Good read on deferring SS versus QLAC

What is the spending assumed in the model?... doesn't say that I can find.... or is he just looking at income but if so how is he including investment results on the retirement assets.
 
His conclusion is based on when the subject is going to die. Rather not helpful for most.
 
What is the spending assumed in the model?... doesn't say that I can find.... or is he just looking at income but if so how is he including investment results on the retirement assets.

Not sure he models spending - he's a retired actuary
 
Not sure he models spending - he's a retired actuary

I'm not sure his approach makes a lot of sense but it is less than totally clear what he is calculating and how it is relevant to assessing the optimal alternative. Like many actuaries, his communication skills could be better. (From a former life finance guy who spent a lot of time with life actuaries - most very good and some much less so.)
 
I'm not sure his approach makes a lot of sense but it is less than totally clear what he is calculating and how it is relevant to assessing the optimal alternative. Like many actuaries, his communication skills could be better. (From a former life finance guy who spent a lot of time with life actuaries - most very good and some much less so.)

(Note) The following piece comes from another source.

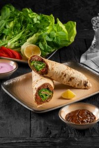 Yeşillik Özel Sos ve Lavaş Ekmek İle Servis Edilir

words, pictures and numbers

instead of using an annuity factor he's estimating a present value at 65 depending on age at death. as you can see on the chart, the longer you live the better the qlac option
 
.....instead of using an annuity factor he's estimating a present value at 65 depending on age at death. as you can see on the chart, the longer you live the better the qlac option

Yeah... perceptive glimpse of the obvious. :facepalm:
 
Yeah... perceptive glimpse of the obvious. :facepalm:

I would have used an annuity factor at 65 to compare the options rather than an assumed age at death. Not my blog though.
 
I agree... an expected present value approach combining mortality and the time value of money to assess which approach is optimal.
 
well when I finally pull the chute I'll probably do a lot of blogging on this and other subjects
 
I can't match his numbers.

In the first column, it appears that the pv of the first 5 SS benefits is $96,227.
And, the pv of the next 5 SS benefits is ( $183,551 - $96,227 ) = $87,324.

In the second column, the pv of the first 5 SS benefits is, of course, $0.
Each of the second 5 SS benefits should be 1.4143 times the corresponding SS benefit in the first column. (I'm using the factor he provides for the SS increase from deferring to age 70.)
Therefore, in the second column, I expect the pv of the second 5 SS benefits to be 1.4143 x $87,324 = $123,501.

But, his table shows it as $113,330.
 
In all my planning I simply assume I'll live an average lifespan....83.....as I have no way to come up with a better number. I have longevity insurance as I have a small COLAed pension so the higher income past 83 that deferring SS would give me isn't a big factor for me. In my projections when I take SS has an insignificant difference to my net worth at age 83. So when I take it will just depend on my desire for the extra income.